Exploration de la faune des eaux souterraines
La Suisse est riche en eaux souterraines. On les trouve presque partout dans les cavités souterraines et elles constituent le plus grand réservoir d'eau potable du pays. Contrairement à l'eau potable qui sort de nos robinets, l'eau souterraine est également un espace de vie et comme tel, habité – on y trouve de nombreux organismes vivants, des plus petits micro-organismes à de plus gros animaux tels que des amphipodes.
«Le fait que les eaux souterraines soient vivantes est en principe un bon signe», explique Florian Altermatt, «ces organismes ont besoin d'une eau de bonne qualité. Mais jusqu'à présent, on sait encore peu de choses sur les niveaux de pollution à partir desquels ces espèces sont affectées». Altermatt est chef de groupe de recherche à l’institut de recherche de l’eau Eawag et professeur à l’Universität Zürich. Avec son équipe, il s'est fixé pour objectif d'étudier plus en détail l'écosystème des eaux souterraines. En effet, jusqu'à présent, la science ne sait que peu de choses sur l'endroit où trouver ces organismes vivants. Avec le projet «AmphiWell», réalisé sur mandat de l'OFEV dans le cadre de l'Observation nationale des eaux souterraines NAQUA, l'équipe d'Altermatt étudie donc pour la première fois la biodiversité des eaux souterraines à l'échelle de la Suisse entière.
Un soutien important de la part des distributeurs d’eau
Mara Knüsel, qui travaille sur ce projet dans le cadre de sa thèse de doctorat, nous explique l'approche du projet: «Les eaux souterraines sont certes partout sous nos pieds, mais elles restent très difficiles d'accès. Les innombrables chambres de captage de Suisse, constituent pour nous le meilleur accès possible». Ces chambres de captage ne sont toutefois pas accessibles au public mais sont entretenues par les distributeurs d'eau. Afin de pouvoir collecter le plus grand nombre possible d'échantillons provenant de différents endroits, les chercheurs collaborent donc avec les responsables de la distribution d’eau (fontainiers, contrôleurs d'eau, exploitants de sources privées, etc.) dans le cadre d'un projet Citizen-Science. Sur les 700 fournisseurs d'eau contactés, près de la moitié se sont déclarés prêts à participer au projet. «Ils sont très engagés et heureux de participer au projet et également très intéressés par les résultats», explique Knüsel. «Le fait que nous puissions prélever ainsi des échantillons dans les chambres de captage est une grande chance pour nous».

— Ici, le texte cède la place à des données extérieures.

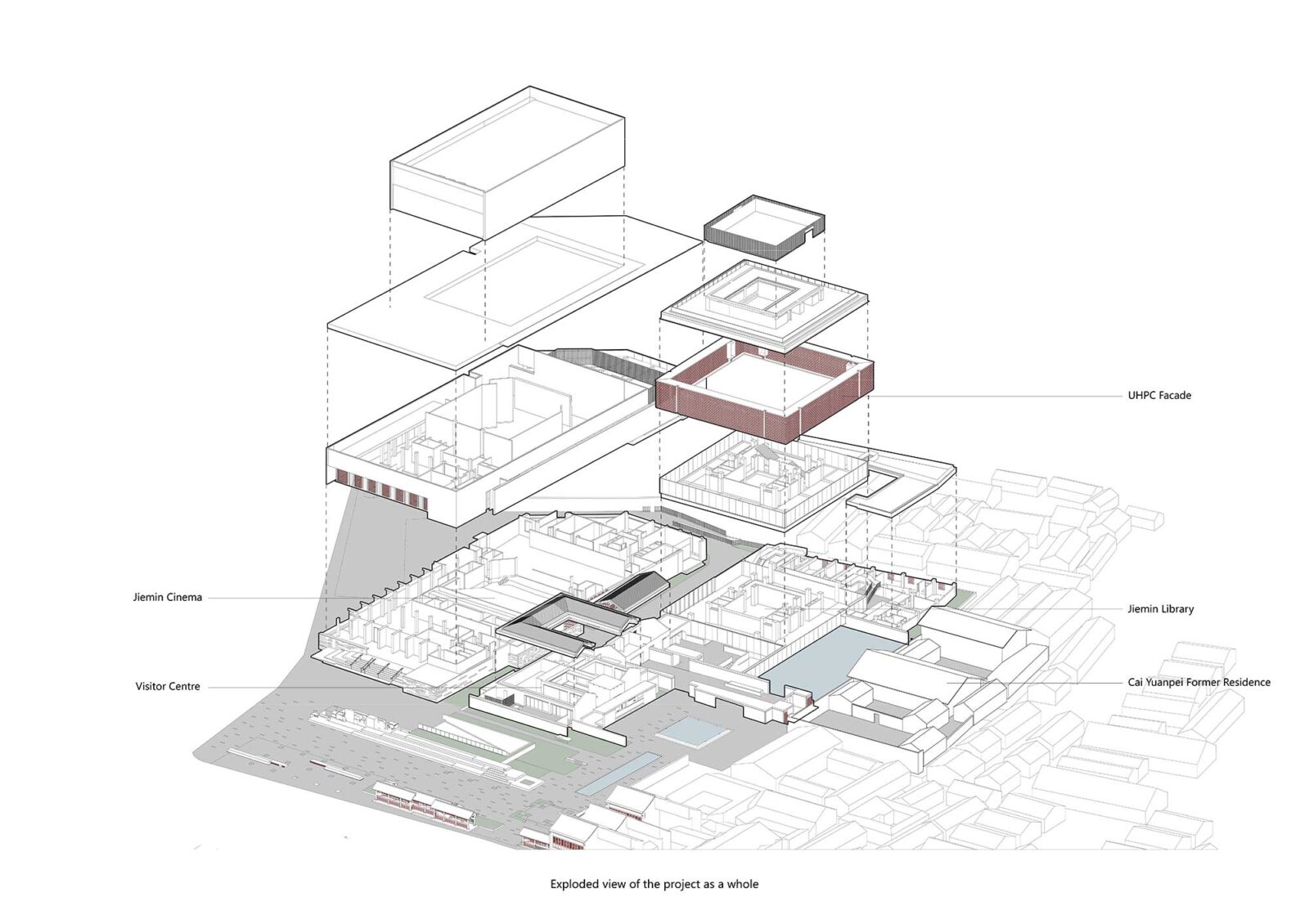 Al centro dell’intervento la demolizione delle strutture dell’ex-quinto ospedale di Shaoxing, costruzione funzionale alle esigenze sanitarie ma estranea al carattere storico del quartiere, e la costruzione, al suo posto, della nuova biblioteca Jiemin, orientata in maniera da instaurare un dialogo con una villa di stile tradizionale a est e con l’edificio di un vecchio cinema costruito nei primi anni Cinquanta, ristrutturato conservandone il colonnato frontale e trasformato in teatro, a ovest.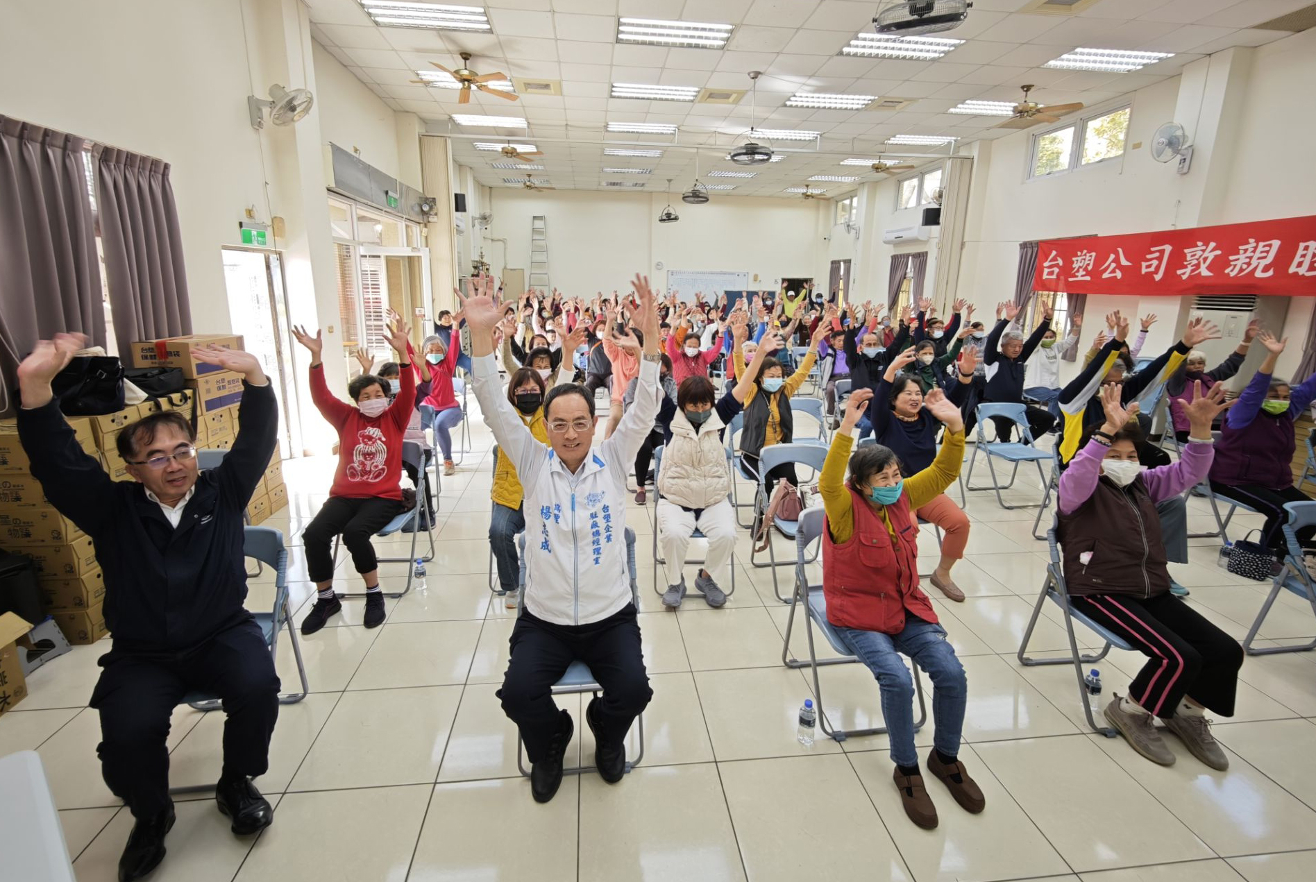 【本報記者陳明成高雄報導】年關將屆,台塑企業關心民眾飲食健康,攜手長庚醫療團隊舉辦「社區健康促進講座與健康操活動」,吸引一百多位仁武區文武里居民出席。台塑楊志成資深經理前陣子身體不適,免疫力下降,籲請鄉親務必要「吃得安心、動得健康」,人人喫百二。

Dans la vidéo illustrant ce projet (voir ci-dessous), on peut voir comment un fontainier installe directement à l'entrée de la source un filet filtrant dans lequel quelques animaux – surtout des amphipodes – seront collectés pendant une semaine. Les animaux sont ensuite conservés dans un tube contenant de l'éthanol et envoyés par la poste à l’Eawag. Les analyses génétiques permettent alors d'attribuer les amphipodes trouvés à une espèce connue – ou à une nouvelle espèce. Knüsel informe par la suite les fournisseurs d'eau sur les animaux capturés dans leurs filets.
Une diversité unique
Dans le cadre d'un projet pilote mené en 2019, plusieurs espèces d’amphipodes ont pu être identifiées pour la première fois en Suisse, et des espèces nouvelles pour la science furent même découvertes. «Les espèces nouvellement découvertes sont des espèces dites endémiques», explique Florian Altermatt. «Cela signifie qu'elles sont originaires de Suisse – parfois même très locales – et n'existent qu'à cet endroit. La Suisse porte ainsi une grande responsabilité dans la protection de cette diversité biologique unique.» Il s'attend à ce que d'autres espèces viennent s'ajouter au fur et à mesure de l'avancement du projet.
Son groupe de recherche a déjà développé une clé d'identification des amphipodes pour permettre aux professionnels de l'eau d'identifier ces animaux. En outre, le projet utilise également un ADN dit environnemental (ADNe) qui permet de déterminer la richesse et la répartition des espèces des différentes régions et nappes aquifères de Suisse.